5. Using the results (36:51)

  • In the end where the data science efforts useful? How was that determined?
  • What might be the next steps if the results were flawed?
  • Can you think of changes in the process that might have led to improved results?
  • What do you think should happen next in this overall effort?

SciPy and Scientific Data Structures (In class)

The video above introduced the dataframe as a key component in gathering and organizing data. What is this data frame object and why didn’t we discuss it when we talked about other data structures in Python, namely lists, tuples, dictionaries, sets, etc?!? The short answer is that it’s because the dataframe is not a native Python object; it requires importing a 3rd party Python package. And Pandas is the go-to package for working with dataframes in Python.

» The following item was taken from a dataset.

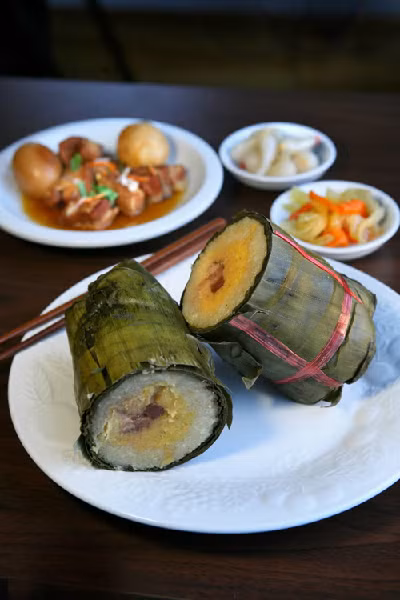 Bánh tét là món bánh trang trọng trên mâm cỗ Tết. Vào những ngày xuân, nhà nào cũng có một cặp bánh trên bàn thờ. Khách đến chơi nhà được mời khoanh bánh ngon, ăn kèm những lát dưa chua đậm đà thi vị.

A slide deck on Scientific Computing and Scientific Data Structures is provided here, with video to accompaniment provided linked on the web site. The key points are as follows:

  • Scientific Computing is similar to Data Science in that it leverages advances in computational technology to assist scientific investigation.
  • Tidy Data is a specific data format whereby data are stored in a table such that each row is a feature or observation, and each column is a particular description of that feature or record (much like the attribute table of a GIS feature class). Organizing data into a tidy format facilitates analysis of the data using standard programming languages.
  • In R, the “TidyVerse” is a set of libraries used to work with tidy data.
  • In Python, the SciPy Stack is a set of libraries used to work with tidy data. The most important libraries include:
    • NumPy: used to work with numeric data in the form of vectors, matrices, and n-dimensional arrays
    • Pandas: used to work with data stored in series an/or dataframes.
    • GeoPandas and ESRI’s Spatially Enabled Dataframe which enable spatial analysis on data frames
    • Matplotlib: used visualize data in many different formats and styles

In subsequent sessions, we’ll dive into these packages and more. Typical of this class, we won’t be able to go into too much depth with each; rather with limited time, our objectives will be to familiarize ourselves with the general structure of these modules and the key functions and classes they bring to the coding environment.